EdanToledo / Stoix

🏛️A research-friendly codebase for fast experimentation of single-agent reinforcement learning in JAX • End-to-End JAX RL
Apache License 2.0
238 stars 24 forks source link

[FEATURE] Add stochastic muzero implementation #77

Open ipsec opened 6 months ago

ipsec commented 6 months ago

Add stochastic muzero implementation - paper and the pseudocode

With this improved version of muzero the stoic could be able to train stochastic environments like the 2048 game and poker (leduc poker)

EdanToledo commented 6 months ago

Hey, this is on the roadmap however i dont have any immediate plans to implement this.

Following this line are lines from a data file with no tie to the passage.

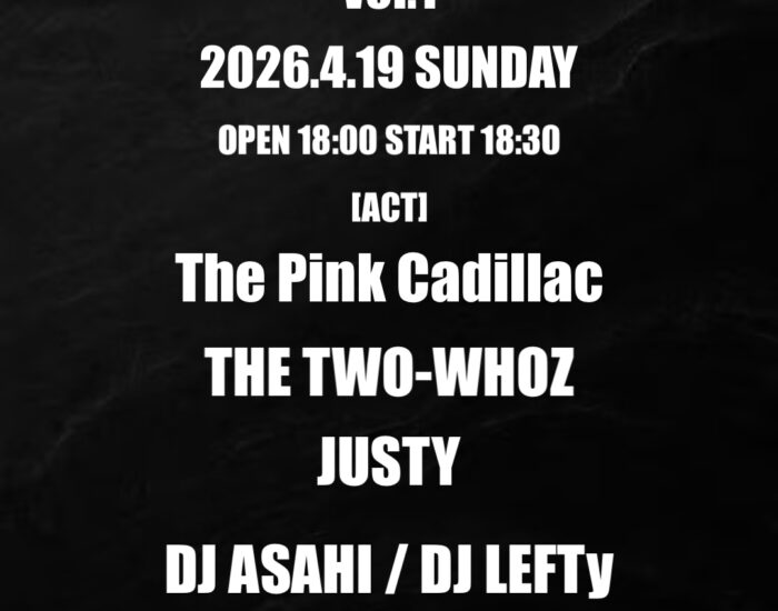 2026年4月19日(日) club COCOA Last Live Show vol.1 open 18:00 start 18:30 [Act] The Pink Cadillac THE TWO-WHOZ JUST […]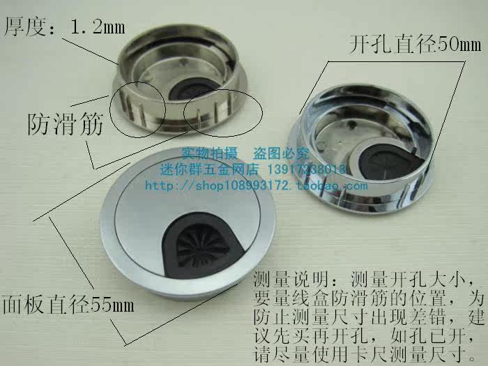 Thickened round zinc alloy wire box threading hole desk wire hole cover computer table wiring box opening 50mm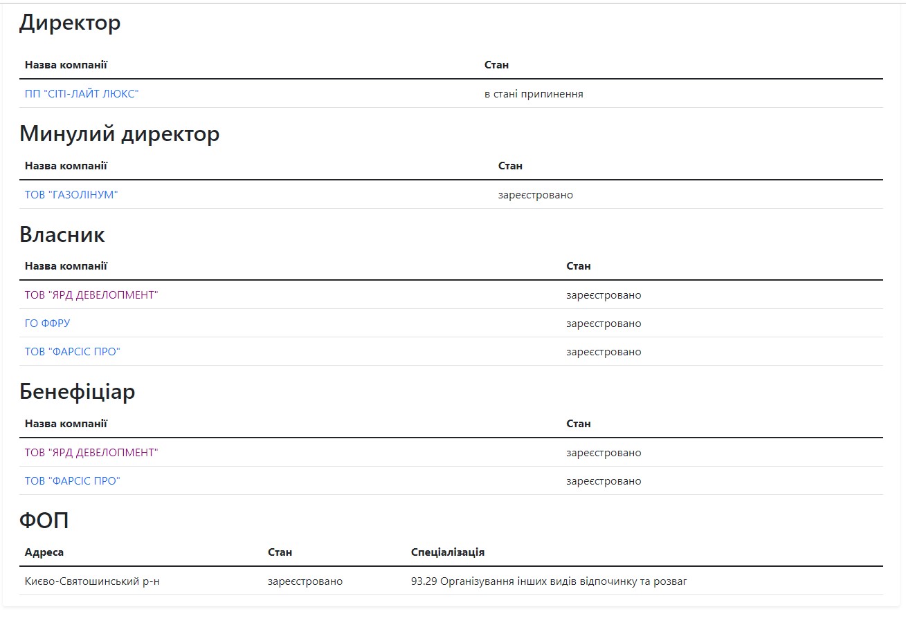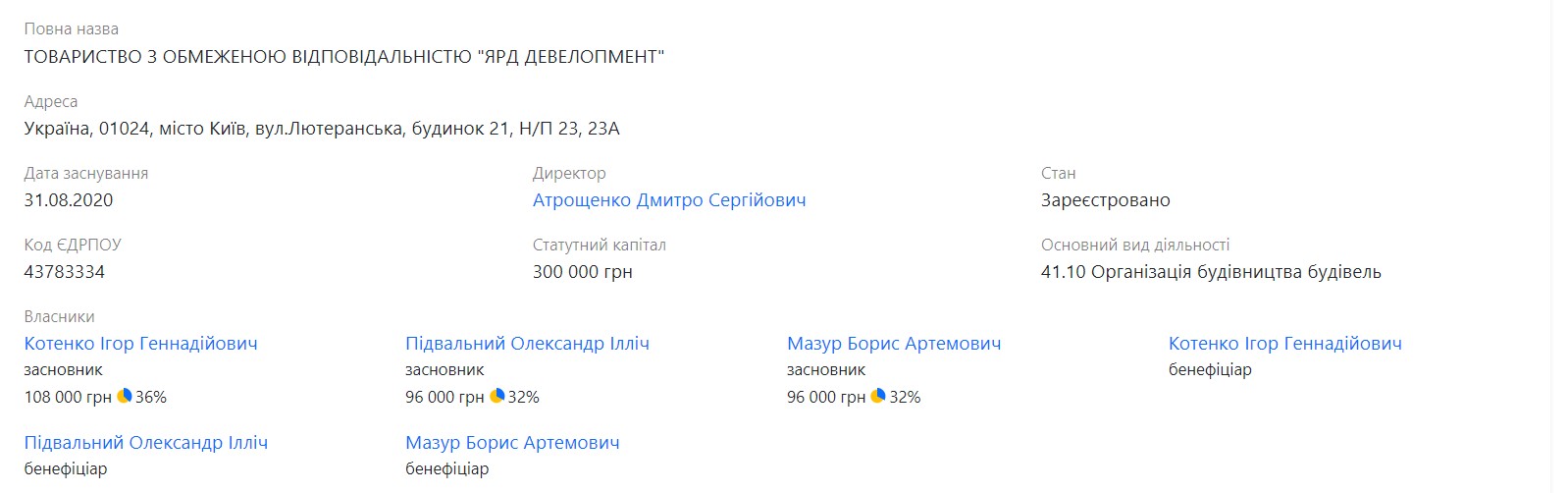 Щодо решти фігурантів кримінальних справ – Ігоря Котенка, Олександра Підвальнього та Бориса Мазура, які є співвласниками ТОВ «Ярд Девелопмент», то, крім Мазура, вони мають ще по кілька фірм.

If you'd like to give it a shot, id be more than happy to review it and assist with development. otherwise, it might be a while until this is implemented.

ipsec commented 6 months ago

Let me try then. I had a little difficult with the loss function. If you could help me in this part would be great.

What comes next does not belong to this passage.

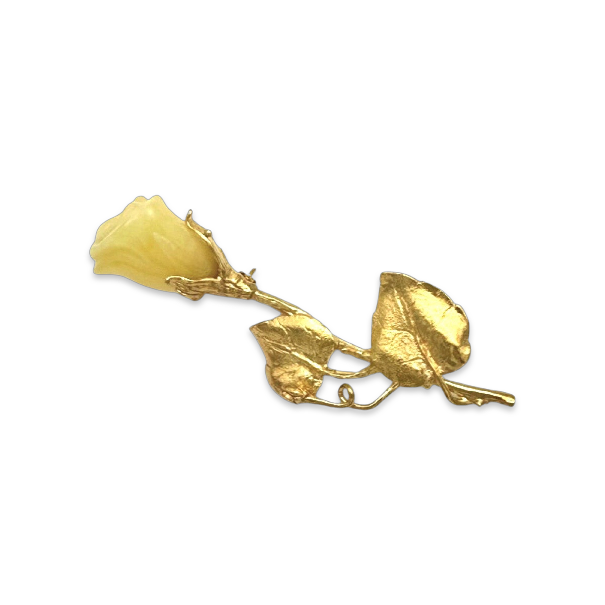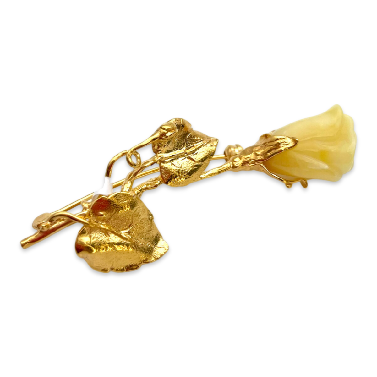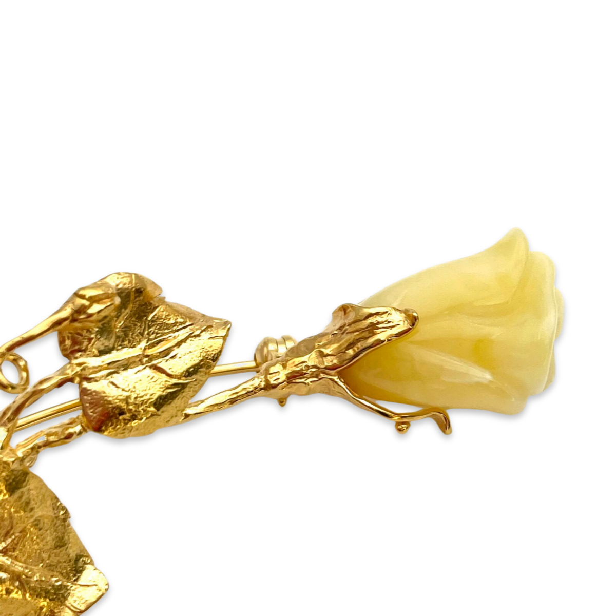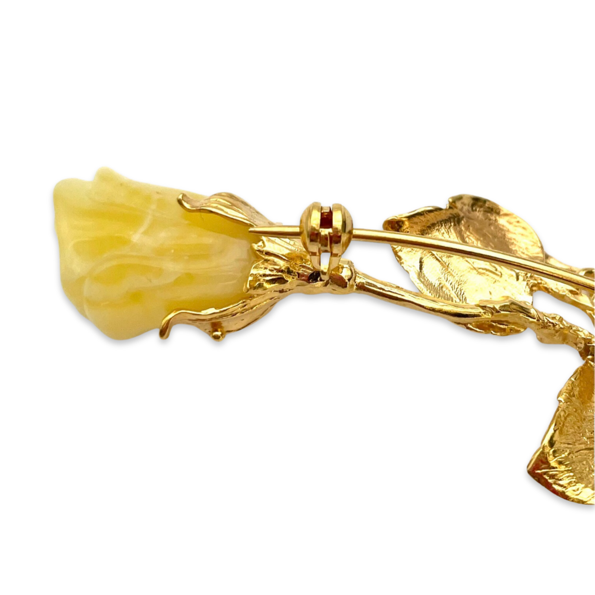 Die Brosche ist mit 24 Karat Gold plattiert, was ihr ein reiches und luxuriöses Aussehen verleiht. Das Herzstück der Brosche ist eine atemberaubende Bernsteinrose, die fachmännisch gefertigt wurde, um ihre natürliche Schönheit zu zeigen. Die Rose ist fein detailliert, wobei jedes Blütenblatt sorgfältig geformt und platziert wurde, um einen lebensechten Effekt zu erzielen.

ipsec commented 6 months ago

@EdanToledo PR #78 created. Like said, I have difficult with the loss function, a good revision is necessary.

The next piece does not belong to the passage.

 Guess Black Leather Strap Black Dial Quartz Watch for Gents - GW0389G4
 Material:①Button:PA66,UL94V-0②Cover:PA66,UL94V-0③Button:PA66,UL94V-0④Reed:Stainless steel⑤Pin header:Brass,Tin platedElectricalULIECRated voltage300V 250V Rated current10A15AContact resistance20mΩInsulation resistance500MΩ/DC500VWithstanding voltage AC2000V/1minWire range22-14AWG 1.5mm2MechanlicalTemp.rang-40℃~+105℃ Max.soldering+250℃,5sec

EdanToledo commented 5 months ago

Hey, I havent forgotten about this. Sorry its an important PR and will hopefully get to it asap.

ipsec commented 2 months ago

Hey Edan, could I help you in another point to get this implemented?

Regards.

EdanToledo commented 2 months ago

Hey Fernando, I'm sorry about the delay, I just haven't had time to complete something like this. Stochastic MuZero is a non-trivial algorithm that i would need to gain a good understanding of to ensure the algorithm is implemented correctly. Currently, I havent had too much time to do non-priority features. I promise i will get around to this at some point but i really dont have an ETA. Ideally, if there was more contributors and maintainers to this project it would be easier.